J. Slavenski's personal belongings from his original study reflect his interest in Balkan culture and customs, so one can see naturally dyed rugs form Pirot, a set of traditionally engraved tables from Konjic in Bosnia, authentic hand-made wooden chairs from Montenegro, and many different folk instruments such as the darabuka (Arabian drum), tambourine, gusla...

His library fund contains 3,360 items: 1,271 written and published works of music, 822 books, 153 gramophone records, 16 boxes of tapes, and 1,099 letters. Slavenski's book collection includes literature from many diverse areas such as music theory, physics, astronomy, psychology, linguistics, ethnology, as well as biographies of historic figures such as Ludwig van Beethoven, Richard Wagner, Giovanni Perluigi da Palestrina, Nikola Tesla, and many others.

Slavenski bequethed a very large and interesting correspondence, which today represents a unique document of a bygone era. Slavenski and his contemporaries corresponded in eleven languages: Serbo-Croatian, Slovenian, Russian, Bulgarian, Czech, English, German, French, Hungarian, Greek, and Turkish. This collection preserves authentic letters and autographs of renowned performers, composers, music scholars, and conductors, including Krešimir Baranovic, Jakov Gotovac, Slavko Osterc, Petar Stojanovic, Miloje Milojevic, Stevan Hristic, Ljubica Maric, Edward Dent, Petar Bingulac, Stana Ðuric-Klajn, Zlatko Balokovic, Leopold Stokowski, Alois Hába, Jozef Suk, and Zoltán Kodály.

I discovered https://www.youtube.com/channel/UCIo2x4lsZwUA9O4YXa0uPGQ
on You Tube.
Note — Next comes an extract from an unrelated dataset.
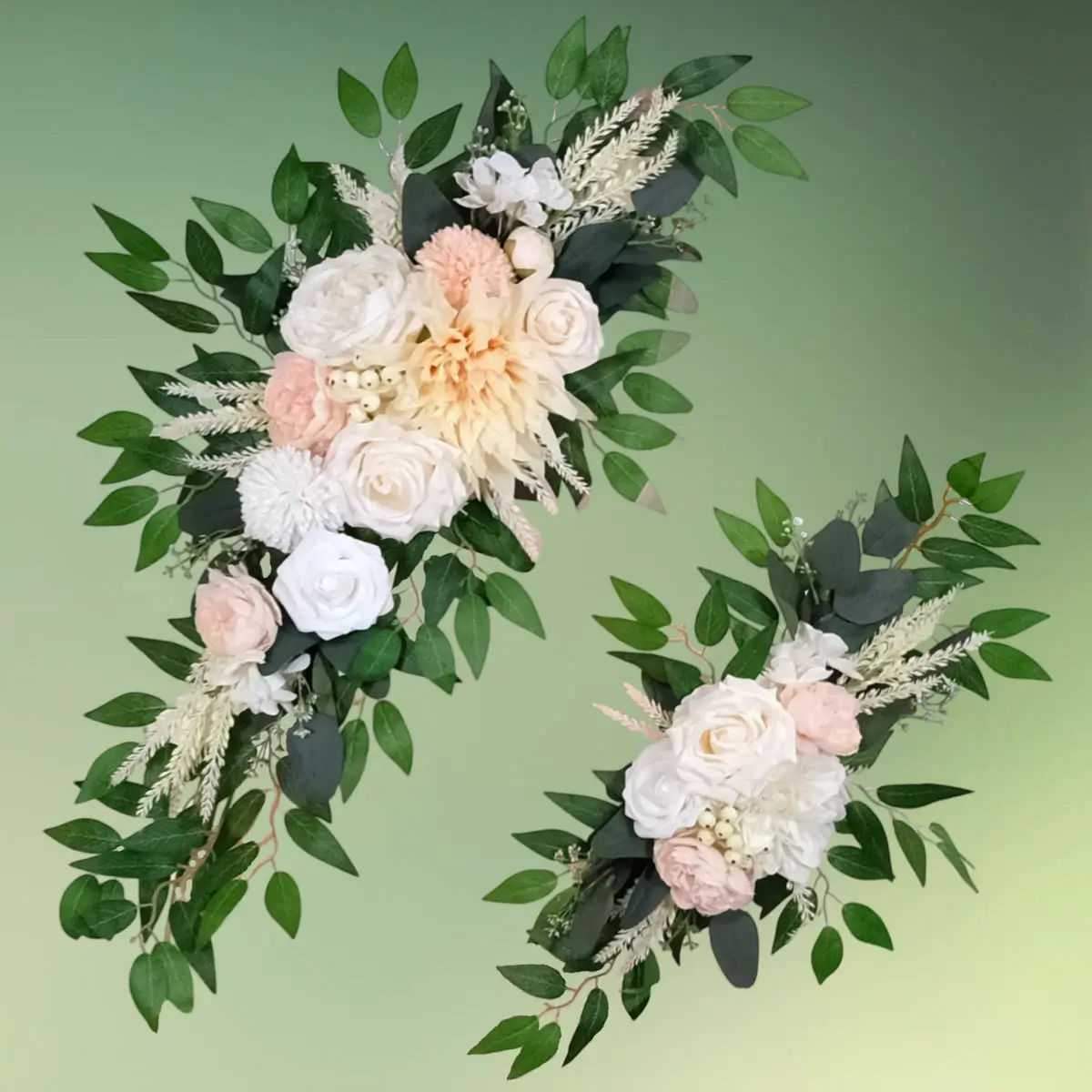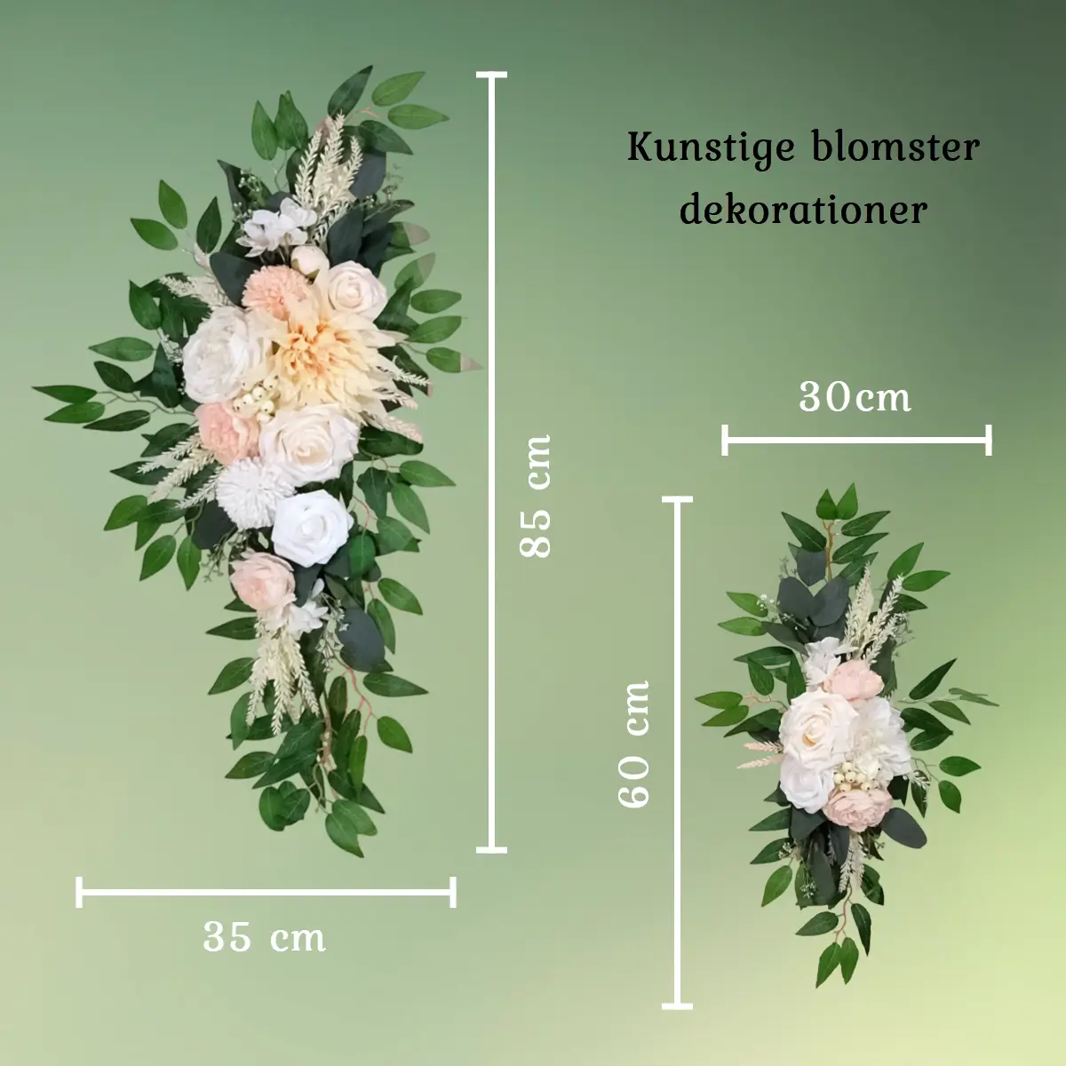 - Sættet består at 2 dekorationer med lys ferskenfarvede, hvide og let cremefarvede blomster.

Fascinating collection of unknown composers from Serbia.

P.

pjme

#1
https://www.youtube.com/v/3sT91KGutzY

I hope to find Danijela Spiric-Beard's thesis : Border-Bridge -Crossroads: the construction of Yugoslav identity in Music 1835-1938.

http://goldenpages.jpehs.co.uk/golden-pages/184-2/border-bridge-crossroads-the-construction-of-yugoslav-identity-in-music-1835-1938-and-the-case-of-josip-stolcer-slavenski/

Josip Slavenski and the Question of Yugoslav Identity at the Crossroads

(Slavenski, palimpsests and post-1990 scholarship; Pre-1990 scholarship on Slavenski; Slavenski and Yugoslavism; Međimurje; Anti-heroic re-imaginings of Yugoslavia; Re-mapping identities, reimagining communities: towards the Balkans and the Ottoman legacy)

5 Slavenski the Modernist, and the Question of Yugoslav Music at the Crossroads

(Slavenski's modernist aesthetics; Contextualizing Slavenski within European modernity; Slavenski's hybridity: folklore, experimentalism and Klangkomposition; Zenitists and the barbarogenij; Sa Balkana (1910–17); Singing and dancing; Anti-piano; Slavenska Sonata (1924); The emancipation of sound; Chaos (1932))

https://www.youtube.com/v/Soe3Ev-Dzwk

Sonata religiosa for violin and organ 1919-1925!!

P.

Drasko

That youtube channel is invaluable. I think more than 90% of those recordings are not commercially available. Whoever runs it must have good connections in radio archives.

pjme

Thanks for the reply, Drasko. I really enjoyed discovering those completely unknown names and the music.Slavenski seems to be a great character - I'm sure that Langgaard / Ruggles lovers should be able to love his music.
That Sonata religiosa for violin and organ is absolutely astonishing! And so is Chaos.

But there is much more than these "futuristic"sounds - from gently romantic to boldly expressionistic in style.